The case is one or two closely watched disputes over election certification in the critical battleground state. A ruling is still pending in a separate case brought by state and national Democrats against new rules from the State Election Board that could give local election officials broad authority to delay or decline altogether their certification of the results.

McBurney said in his ruling that while local superintendents have an obligation to “investigate concerns about miscounts,” such concern “is not cause to delay or decline certification.”

The case was brought by Julie Adams, a Republican member of the Fulton County Board of Registration and Elections, who had asked the judge to declare that her duties in certifying election results “are discretionary not ministerial.”

“If election superintendents were, as Plaintiff urges, free to play investigator, prosecutor, jury, and judge and so – because of a unilateral determination of error or fraud – refuse to certify election results, Georgia voters would be silenced,” McBurney wrote. “Our Constitution and our Election Code do not allow for that to happen.”

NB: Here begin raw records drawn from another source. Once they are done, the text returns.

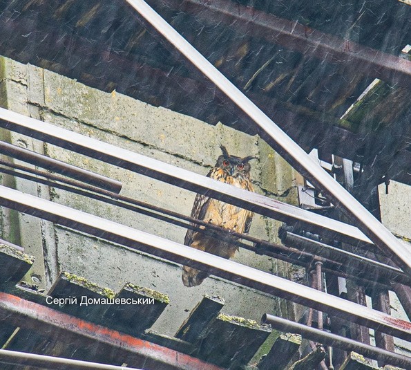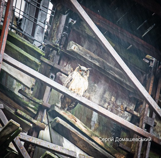 На риштуванні недобудованої градирні ЧАЕС було виявлено оселився пугач. Про це повідомляється на Facebook-сторінці Чорнобильського радіаційно-екологічного біосферного заповідника.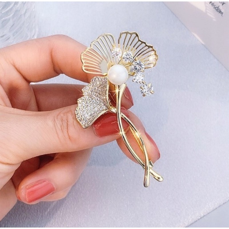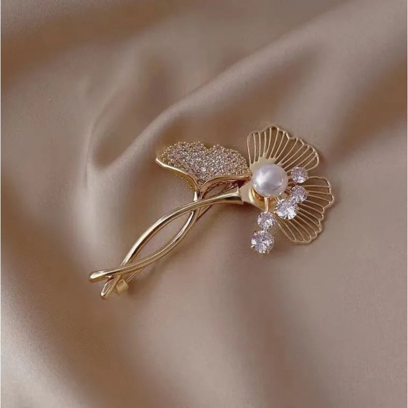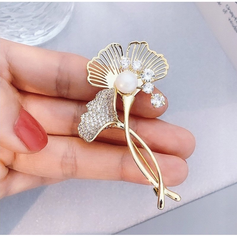 Broszka ozdobna – miłorząb z cyrkoniami i perłą BZ215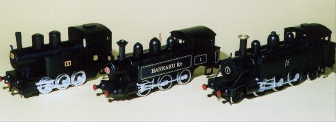 左より北丹鉄道、阪鶴鉄道、奈良鉄道の1号機関車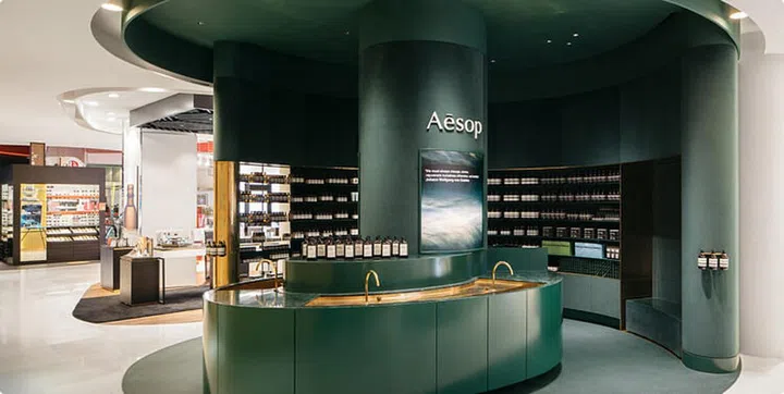 AESOP位于乌节路TANGS换上新貌,结合墨绿与金属,展现简约轻奢感。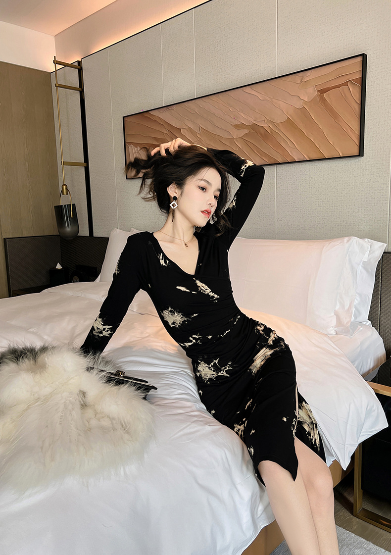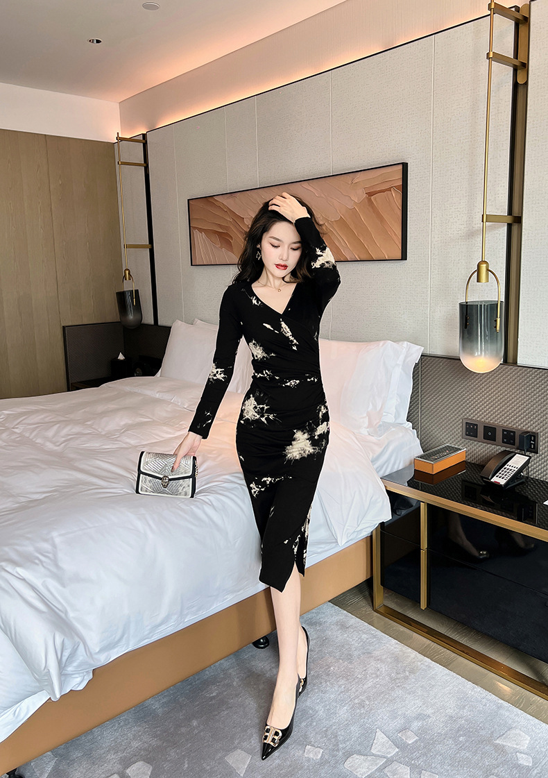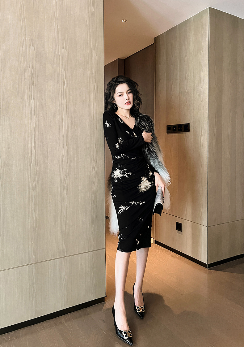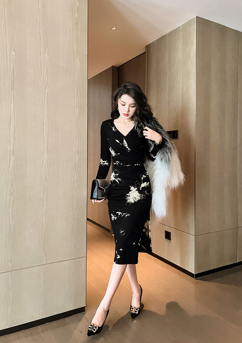 Chiếc đầm dáng ôm dành cho nữ, điểm nhấn là cổ chữ V tạo nên nét cổ điển. Họa tiết in nổi bật trên nền vải dài tay, kiểu dáng ôm sát phần eo và bó nhẹ ở mông. Sản phẩm thích hợp để mặc nhiều lớp bên trong hoặc diện ngoài cùng trong tiết trời mát mẻ. Dễ dàng phối cùng giày cao gót hay balo để tạo nên những phong cách khác nhau. | Tên sản phẩm: Váy Đầm Liền Thân Dáng Dài Nữ Dáng Ôm Họa Tiết Hoa Cổ Chữ V Hàng Mùa Xuân Thu Đông Phục Cổ Cổ Điển - Thời Trang Nữ | Mã sản phẩm: G1565 - Giá: 880.000đ | Mã nhà sản xuất: CHDG-G03Hình ảnh sản phẩm

Fulton County has had legitimate problems running its elections and earlier this year the State Election Board reprimanded the county and ordered an independent election monitor because of issues that arose around the 2020 presidential election, including an incident where a batch of ballots were double-scanned during one of the 2020 recounts.

But the extensive reviews of Georgia’s 2020 election – which included two machine vote counts and one hand count— did not reveal evidence of widespread fraud. Evidence has not emerged showing tally sheets were tampered with or drop box ballots were improperly taken by couriers, in 2020 or in subsequent elections.